Donald J. Trump tomó posesión del cargo de presidente de Estados Unidos el 20 de enero de 2017 y arrojó una granada contra el orden económico mundial, los acuerdos que rigen la circulación de bienes, servicios y capitales a través de las fronteras y que tratan de garantizar la estabilidad. Estados Unidos desempeñó un papel crucial en la creación de este sistema tras la Segunda Guerra Mundial. En parte gracias a ello, la segunda mitad del siglo XX fue muy diferente de la primera, que había estado marcada por dos guerras mundiales y la Gran Depresión. Todavía no se ha disipado el humo, pero es bastante evidente que el mundo después de Trump va a diferir del que había antes. Mientras que, durante tres cuartos de siglo, se hicieron todos los esfuerzos posibles para crear un mundo más integrado y globalizado, con cadenas de suministro mundiales que habían rebajado enormemente los costes de los productos, Trump le ha recordado a todo el mundo que las fronteras cuentan.
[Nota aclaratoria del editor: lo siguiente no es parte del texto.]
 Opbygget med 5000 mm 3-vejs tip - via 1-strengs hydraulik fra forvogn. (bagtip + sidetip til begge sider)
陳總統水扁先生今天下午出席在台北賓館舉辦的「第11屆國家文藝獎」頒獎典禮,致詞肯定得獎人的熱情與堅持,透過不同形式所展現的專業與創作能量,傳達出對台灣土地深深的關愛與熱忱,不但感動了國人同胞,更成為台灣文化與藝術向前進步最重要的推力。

A comienzos de este siglo escribí El malestar en la globalización (que de ahora en adelante llamaré El malestar para abreviar) con el fin de explicar el descontento que la globalización estaba produciendo en muchos países del mundo en desarrollo y que había podido observar desde mi puesto como economista jefe del Banco Mundial. Hablo de la parte del mundo que contiene el 85 por ciento de la población mundial, pero solo el 39 por ciento de sus rentas.[1] La zona en la que había más insatisfacción era el África subsahariana, denominada a menudo, y con razón, una región olvidada, con una población creciente que se prevé que llegue a dos mil cien millones de personas de aquí a 2050, es decir, casi siete veces la población actual de Estados Unidos. Al mismo tiempo, es una zona a la que han robado sus ricos recursos humanos y naturales durante siglos, hasta dejarla hoy con una renta per cápita que representa el 2,5 por ciento de la de Estados Unidos.[2]
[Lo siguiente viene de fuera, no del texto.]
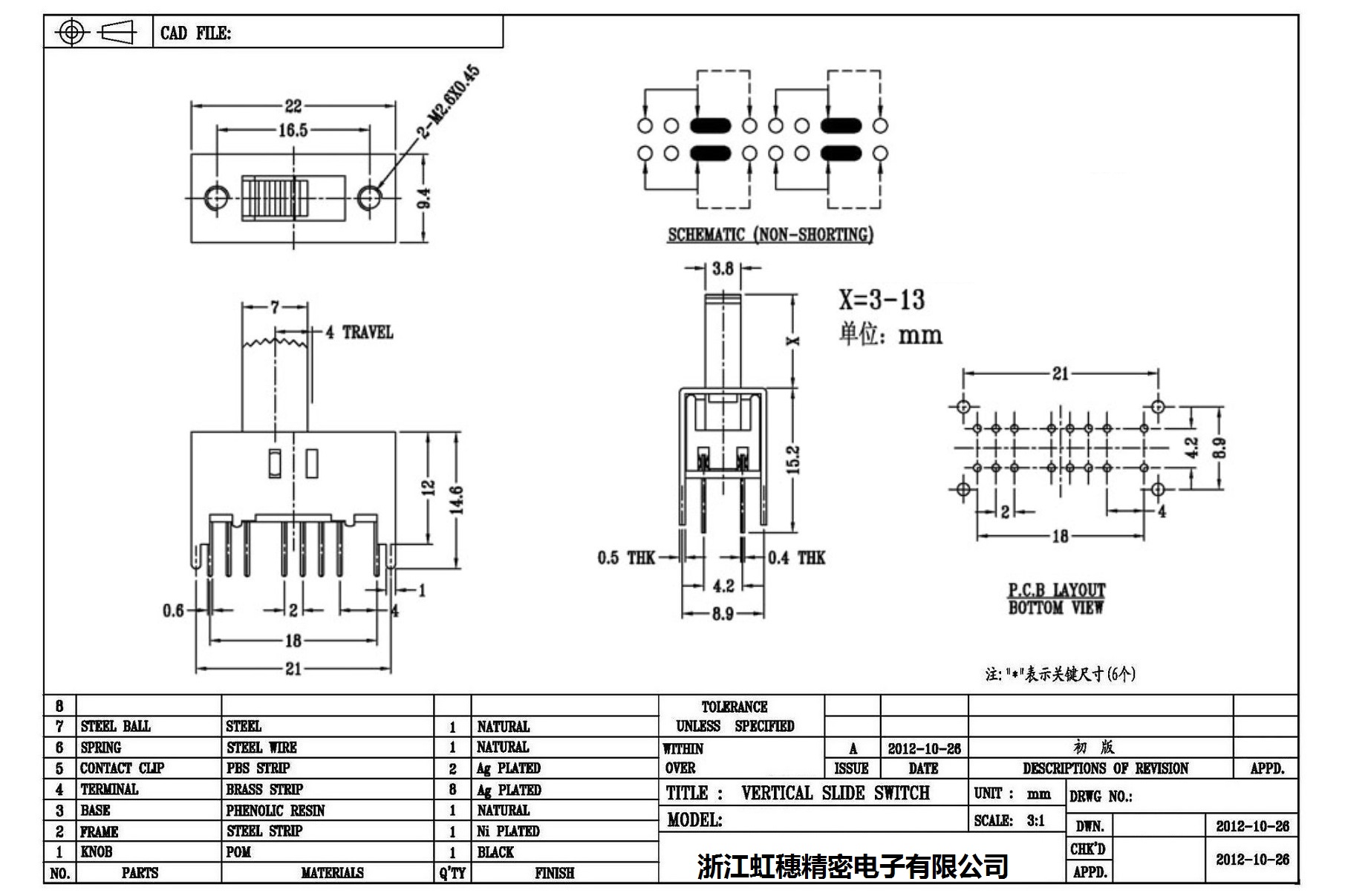 Verticaltoggle switch side dial/ Vertical slide switch technical indicators

Ahora a los opositores de la globalización en los mercados emergentes y los países en desarrollo se han unido miembros de las clases medias y bajas de los países industriales avanzados. Trump aprovechó ese malestar, lo cristalizó y lo amplificó. Aseguró sin ambages que la culpa de los problemas de los trabajadores del cinturón industrial de Estados Unidos era de la globalización, de la firma de los «peores acuerdos comerciales de la historia».

A primera vista, la afirmación resulta muy llamativa. Estados Unidos y otros países avanzados son los que establecieron las normas de la globalización y los que dirigen las organizaciones internacionales que la regulan. La queja de los países en desarrollo consistía en que su forma de escribir las normas y dirigir las organizaciones les perjudicaba. Sin embargo, el presidente Trump afirmó —con enorme apoyo de los votantes estadounidenses— que los acuerdos comerciales y las instituciones inspiradas por Estados Unidos producían resultados injustos para el país.

Hoy los populistas, tanto de los países emergentes como de los avanzados, están dando voz al malestar de sus ciudadanos con la globalización, pero, hace unos años, los políticos de los grandes partidos prometían que la globalización redundaría en beneficio de todos. También la conclusión de dos siglos y medio de investigaciones económicas —empezando por Adam Smith, a finales del siglo XVIII, y David Ricardo, a principios del XIX— era que la globalización parecía beneficiosa para todos los países.[3] Si lo que decían era verdad, ¿cómo explicamos que tanta gente, tanto en los países desarrollados como en los países en desarrollo, la vea con tanta hostilidad? ¿Es posible que no solo los políticos, sino también los economistas, se hubieran equivocado?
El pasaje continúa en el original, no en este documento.